“No one’s here,” Angel said, dismayed, when her mom pulled into the empty driveway.
“So what, you want to stay or go home? I’m not waiting around for your dad to get back from wherever the fuck.” Marissa’s hands tightened on the steering wheel. “Didn’t you call? You haven’t been here in how long and you didn’t even call?”
Angel heaved herself out of the car and tried knocking, leaving the car door open wide so her mother couldn’t pull away. She texted both her dad and her grandmother, but no one replied. How hard was it to have one single damn thing work out in her favor?
“I’m staying.” Angel retrieved her duffel from the backseat, then leaned in the passenger side, but Marissa didn’t look at Angel. When she spoke again, she couldn’t keep the desperate hitch from her voice. “Bye, Mom.”
“Bye,” Marissa said, shifting into reverse, waiting for Angel to shut the door. She hasn’t even called to make sure someone eventually came home and let Angel in. For all Marissa knows, Angel could have been kidnapped that afternoon. Murdered. Her womb scooped from her belly like the seed from an avocado.
When Angel was in middle school, she and her mother used to have big weeping fights about who should vacuum or who was responsible for the clutter on the kitchen table. Sometimes, after, they would lean against each other on the couch, exhausted, her mother gently scratching Angel’s head with her nails, but mostly the fights left Angel feeling alone, disturbed to see her mother so destroyed by emotion, as destroyed as Angel herself felt.
But this silence is worse. She wonders whether her mother intends to teach her a lesson or if she truly hates Angel or if she’s already completely forgotten Angel’s existence.

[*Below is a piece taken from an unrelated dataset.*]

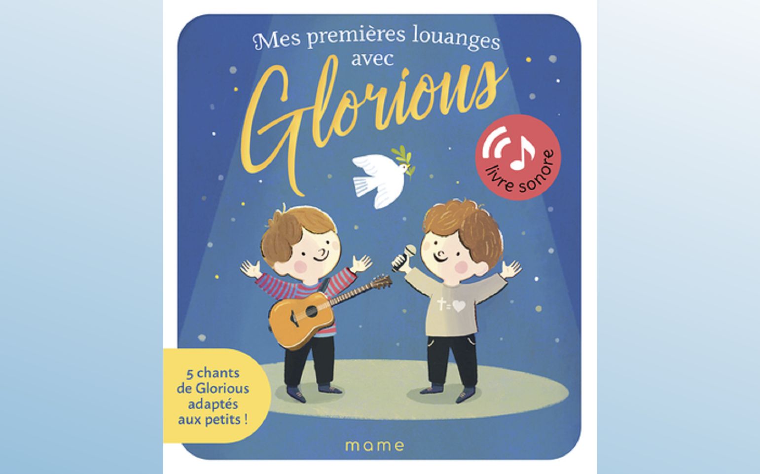 Retrouvez les chants du célèbre groupe de louange Glorious dans une version adaptée pour les petits. Avec des textes de méditation et de prière écrits par les compositeurs du groupe, ce livre sonore est un magnifique outil pour éveiller les plus jeunes à la foi et à la louange.

Now here she is in Las Penas, with only a duffel bag. Angel used to be a collector: Beanie Babies, plastic pigs, little pom-poms with hats and googly eyes stuck on. She liked arranging her collections on shelves, liked having the manufacturer’s checklist before her, ticking off the ones she had, circling the ones she didn’t. She liked the search for completeness. But just before she announced she was leaving, Angel bagged up all that stuff and shoved it in the green trash bin outside. Better to be unencumbered. Better to be light and free, so she can, if need be, jump and fight and run.

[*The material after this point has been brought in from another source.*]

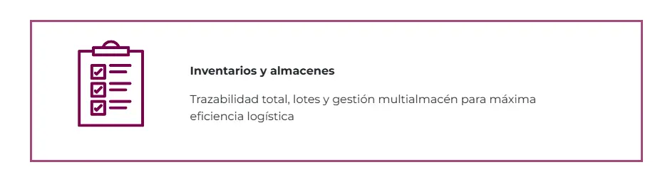 Gestión de stock en tiempo real, trazabilidad completa y planificación automática de compras y almacenes.

Partially she trashed it all to wound her mother, who encouraged these collections. Marissa herself collects Disney stuffed animals. Angel imagined her mother pausing in the doorway, her shock at the bare walls and cleared shelves. Angel knew from posters at school that one of the warning signs of suicide was giving away treasured belongings, and Angel liked the idea of her mother’s distress. Probably, though, Angel thinks now grimly, her mother isn’t even aware of the warning signs of suicide. Probably her mother can’t wait to move in her hoard of Disney characters, let them colonize Angel’s bed and shelves with their creepy grins and plastic eyes and solid, oversized heads. Or worse, give Angel’s room to Mike for a home office, let him turn it into an altar to his own anal-retentiveness, with his rolls of blueprints and fussy metal protractors and the expensive Japanese pens that no one’s allowed to use even to take one tiny telephone message.
The road makes its gentle curve, and now the village is in sight. Las Penas consists largely of abandoned buildings, blank sockets where windows used to be. In front of the locked church, there are a few nearly intact squares of sidewalk stamped WPA. All around is evidence of better times and failed enterprise: boarded-up windows, painted letters barely visible on the broken plaster. Grocery. Cash Store. Hamburger.

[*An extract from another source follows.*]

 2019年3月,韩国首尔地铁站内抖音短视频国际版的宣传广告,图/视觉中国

Las Penas in the Ass, her mother calls it, but she means Amadeo and not the town itself. Even on the full-sized New Mexico state map her grandmother got from AAA, Las Penas is marked in the tiniest font imaginable. Most everyone works in Espa?ola or Los Alamos or, like her grandmother, in Santa Fe. Anything that needs doing can be done better elsewhere.
Angel hasn’t spent much time here—usually when she sees her grandmother they get dinner in Espa?ola—and most holidays are spent with her mother’s parents, Ramon and Lola, who have been so disapproving of Angel’s situation that you’d think they’d forgotten that their own daughter was once in the same boat. Rather, Grampa Ramon has been disapproving; Gramma Lola is so out of it, she doesn’t even recognize Angel. Angel has been avoiding them because, frankly, she doesn’t need that kind of energy in her life.